INFORMATION SHOWN
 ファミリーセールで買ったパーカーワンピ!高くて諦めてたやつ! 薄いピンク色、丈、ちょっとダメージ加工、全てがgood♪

* * *

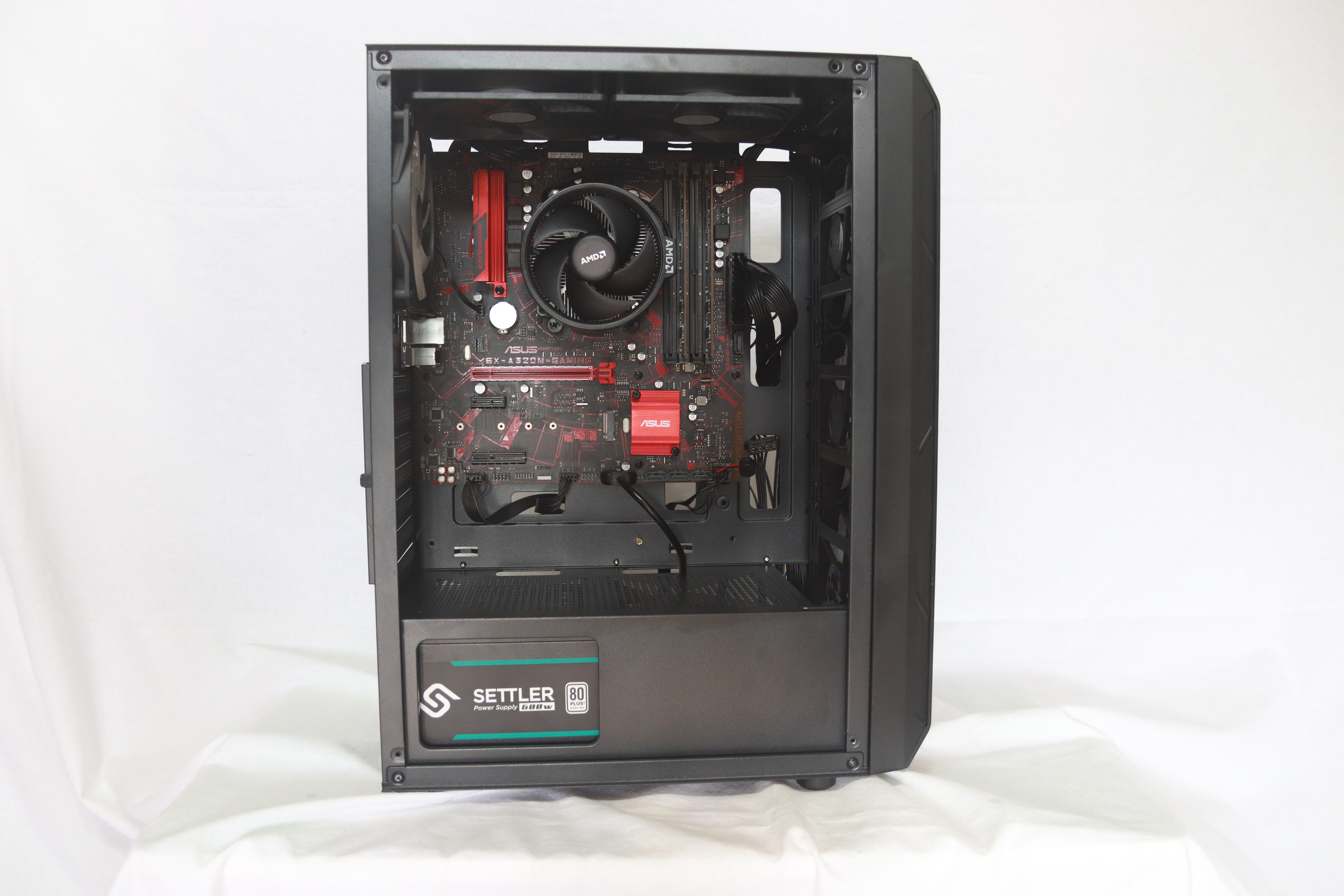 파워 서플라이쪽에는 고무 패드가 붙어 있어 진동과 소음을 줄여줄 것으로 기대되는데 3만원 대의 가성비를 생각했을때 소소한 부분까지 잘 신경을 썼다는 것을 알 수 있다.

* * *

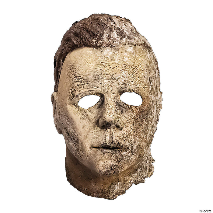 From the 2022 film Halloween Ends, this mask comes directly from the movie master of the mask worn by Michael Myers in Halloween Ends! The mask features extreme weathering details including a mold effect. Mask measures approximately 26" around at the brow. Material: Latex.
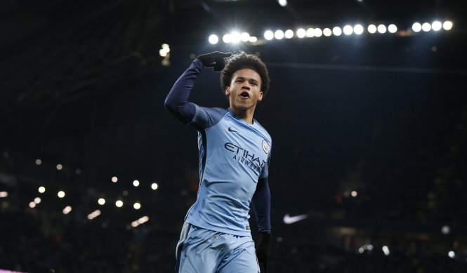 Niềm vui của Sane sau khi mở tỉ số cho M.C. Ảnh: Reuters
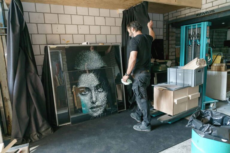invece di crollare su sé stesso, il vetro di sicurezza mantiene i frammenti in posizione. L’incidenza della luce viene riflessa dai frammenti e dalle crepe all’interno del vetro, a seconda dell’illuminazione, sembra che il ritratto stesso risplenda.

GOAL OF THE EXERCISE
Of the lines above, quote exactly those from the one with "Niềm vui của" through the one with "invece di crollare", ends included; pictures stay out.

EXPECTED ANSWER
 Niềm vui của Sane sau khi mở tỉ số cho M.C. Ảnh: Reuters
invece di crollare su sé stesso, il vetro di sicurezza mantiene i frammenti in posizione. L’incidenza della luce viene riflessa dai frammenti e dalle crepe all’interno del vetro, a seconda dell’illuminazione, sembra che il ritratto stesso risplenda.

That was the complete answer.